(Photo courtesy St. Nicks Alliance)

(Photo courtesy CCF)

Of the 20,000 residents who live within the 11206 zip code — which includes parts of East Williamsburg, Bushwick and Bed-Stuy — over 30% live below the poverty line, and only 38% have earned a high school diploma, according to recent census data. That may be about to change: the New York Change Capital Fund has pledged to give up to $1 million over the next four years to five different areas of New York City, including the impoverished zip.

The CCF—comprised of foundations and financial institutions like the United Way of New York and the Brooklyn Community Foundation—will fund assistance to the area through St. Nicks Alliance, a nonprofit on the Bushwick-Bed Stuy border. Founded in 1975, the organization operates the Brooklyn Business Center in Williamsburg, four after-school programs in public schools nearby, and it has developed 1,800 units of affordable housing throughout North Brooklyn.

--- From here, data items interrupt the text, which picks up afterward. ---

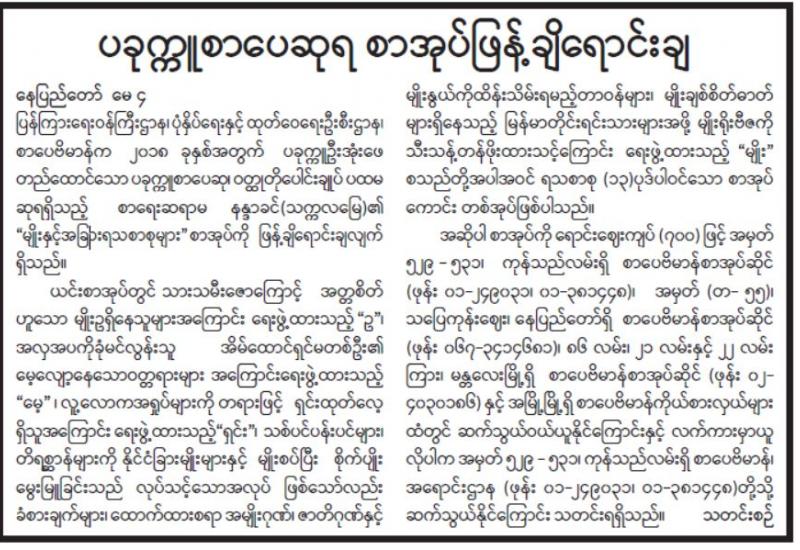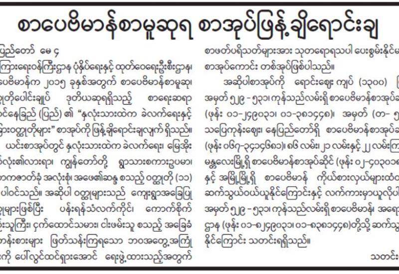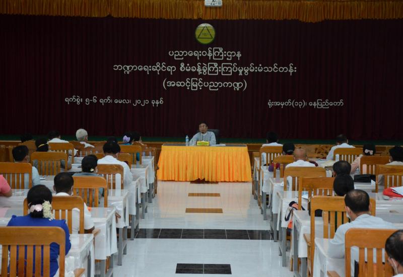 ပညာရေးဝန်ကြီးဌာန အဆင့်မြင့်ပညာကဏ္ဍ (ဝိဇ္ဇာ သိပ္ပံတက္ကသိုလ်များ၊ ပညာရေးဒီဂရီ ကောလိပ်များ) ဘဏ္ဍာရေးဆိုင်ရာစီမံ ခန့်ခွဲကြီးကြပ်မှုမွမ်းမံသင်တန်းကို ယနေ့နံနက် ၉ နာရီတွင် နေပြည်တော်ရှိ ပညာရေးဝန်ကြီးဌာန ရုံးအမှတ်(၁၃) အစည်းအဝေး ခန်းမ၌ကျင်းပသည်။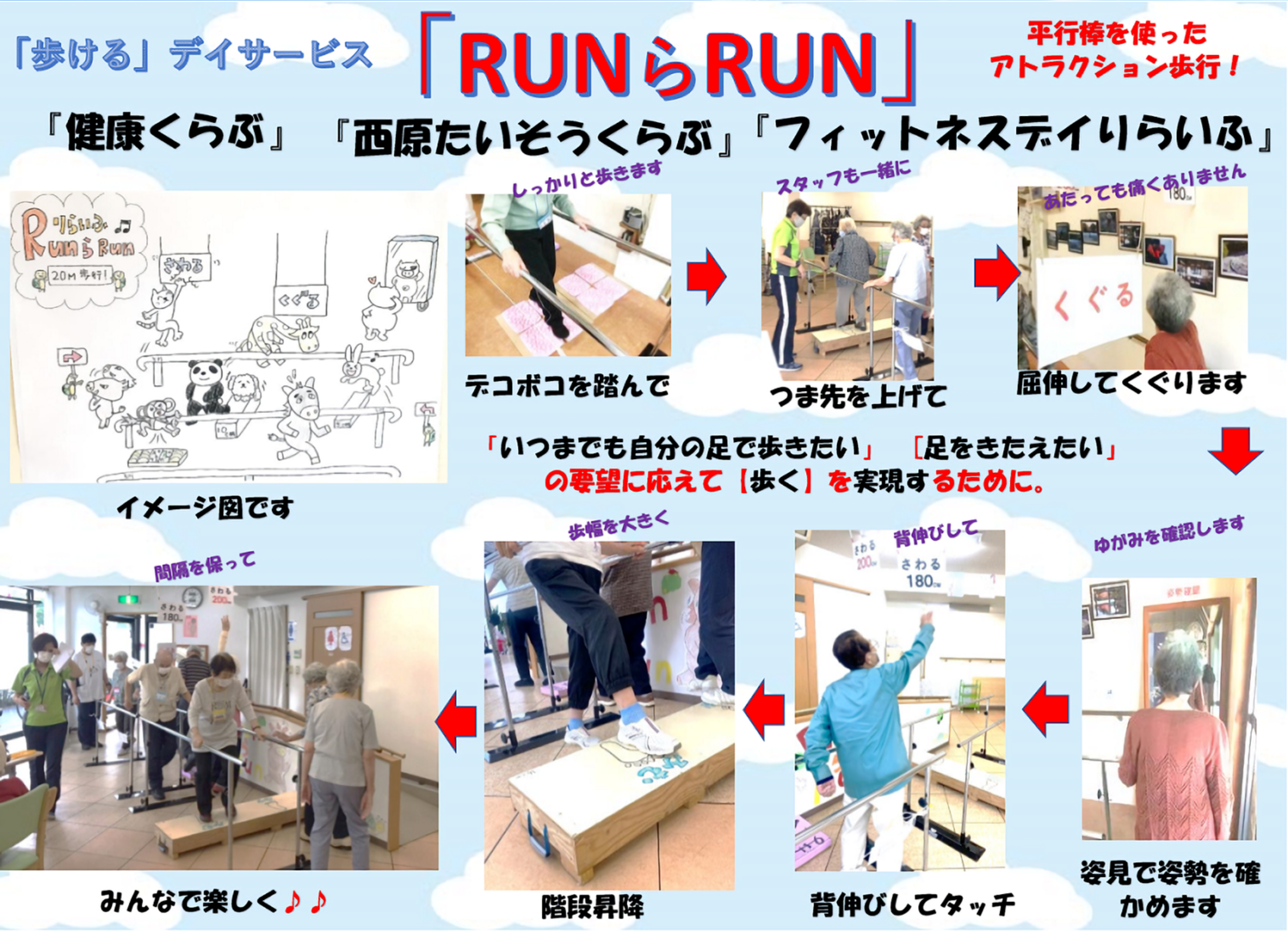 機能訓練に特化した短時間デイサービスを中心に、介護予防の視点に立った専門家のもと、選択できる時間・体力に合わせた個別メニューで自分なりの目標を持って参加できます。
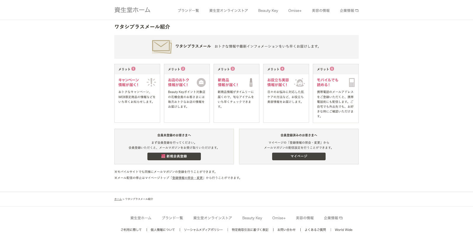 資生堂 (ワタシプラス)のメルマガ登録ページはこちら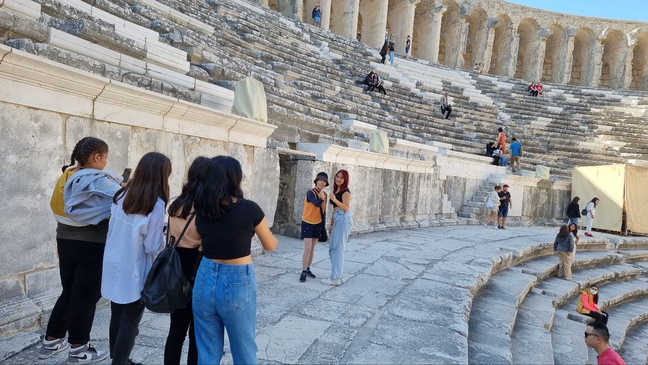 다음날 우리는 안탈리아 시내에서 차로 약 30분 거리에 있는 아스펜도스로 향했다. 유적지는 튀르키예의 마추픽추라고 할 정도로 유명하다. 원형극장은 규모가 만 오천 석 정도를 수용할 정도로 컸다. 극장 안으로 들어가니 원형 그대로 유지되어 관람석의 대리석 의자 몇 개가 교체된 흔적 말고는 흠잡을 데가 없을 정도였다. 무대에서 지금도 공연이 열린다니 놀라웠다. 계단을 따라 한층 한층 올라가며 극장 아래를 내려다보니 까마득하다. 맨 꼭대기에서 무대를 바라봐도 한눈에 다 들어올 정도로 객석의 위치들이 잘 만들어졌다. 곳곳에는 소풍온 소녀들만이 융성했던 때의 무대감각보다 사진각을 잡느라 이쪽저쪽으로 움직이며 배경으로 삼고 있다. 청춘들의 밝은 미소 안으로 들어가서 손하트도 가르쳐 주니 너무나 좋아한다. 언어는 통하지 않지만 같은 공간에서 여행의 들뜬 마음은 통하니 즐겁다.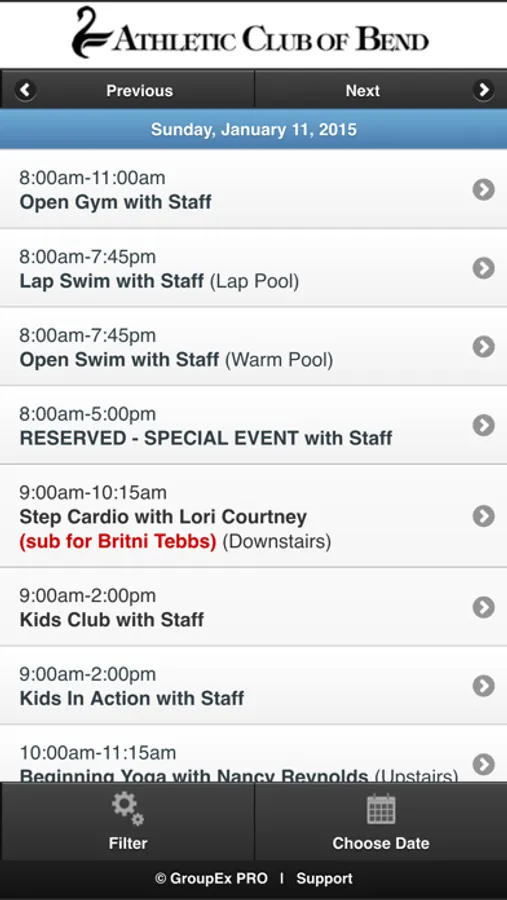 Fitness schedules for the Athletic Club of Bend. Up-to-date, real-time, schedules with current sub information. Share your favorite classes with friends and add upcoming classes to your devices calendar.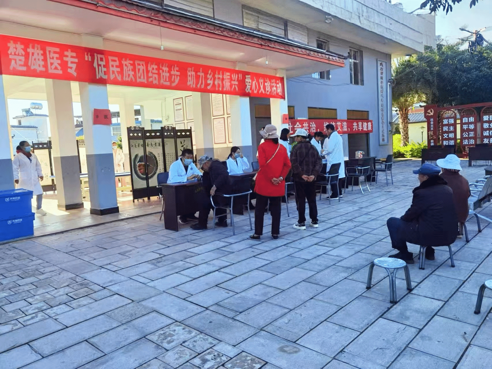 健康帮扶彰显医者担当。2011年以来,楚雄医专长期发挥医疗优势,为猛虎乡提供常态化健康服务。累计组织义诊50余场,惠及群众超5000余人次,指导建成永仁县首个村级中彝医馆。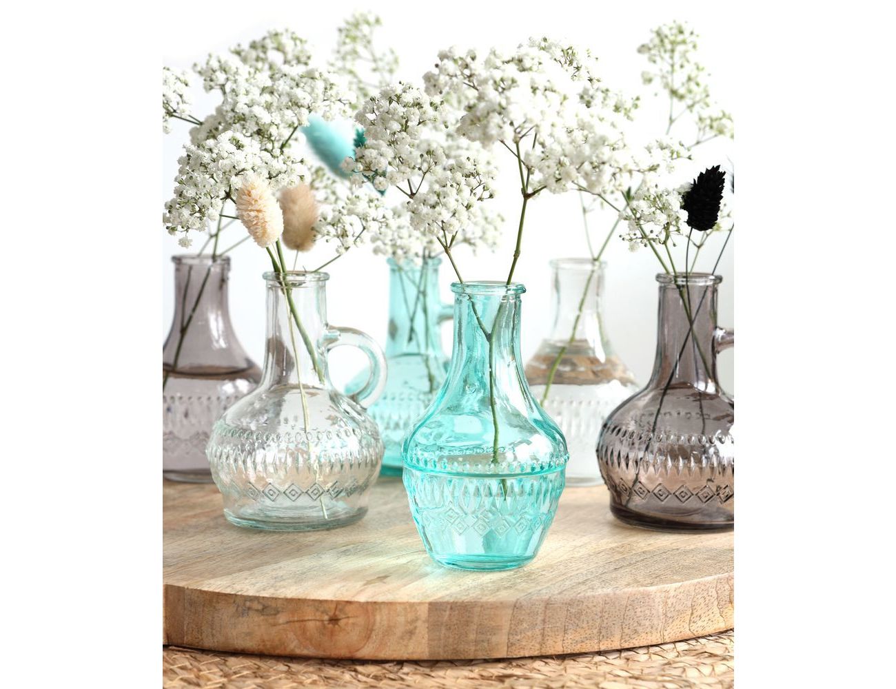Вазочка 'Индж' будет идеальна в тех случаях, когда вы принесете в дом маленький букетик или очаровательный хрупкий цветок. А пока их нет, она и сама по себе будет украшением, пропуская сквозь голубое стекло и причудливо преломляя солнечные лучи.

St. Nicks predicts that, with the grant, it will help over 350 unemployed adults in the area secure and maintain a job, it will help over 130 residents receive High School Equivalency diplomas, and it will provide nearly 200 children in its after-school programs with 1:1 coaching to improve academic outcomes.

The nonprofit also hopes to provide over 1,000 residents with housing support services that will help them create and stick with household budgets, straighten out credit issues, and prevent eviction.

St. Nicks has already been active in combating landlord harassment, a fight recently taken up by Borough President Eric Adams: earlier this year, it filed a lawsuit on behalf of Greenpoint residents who claimed they were wrongfully forced out of their homes by their landlords.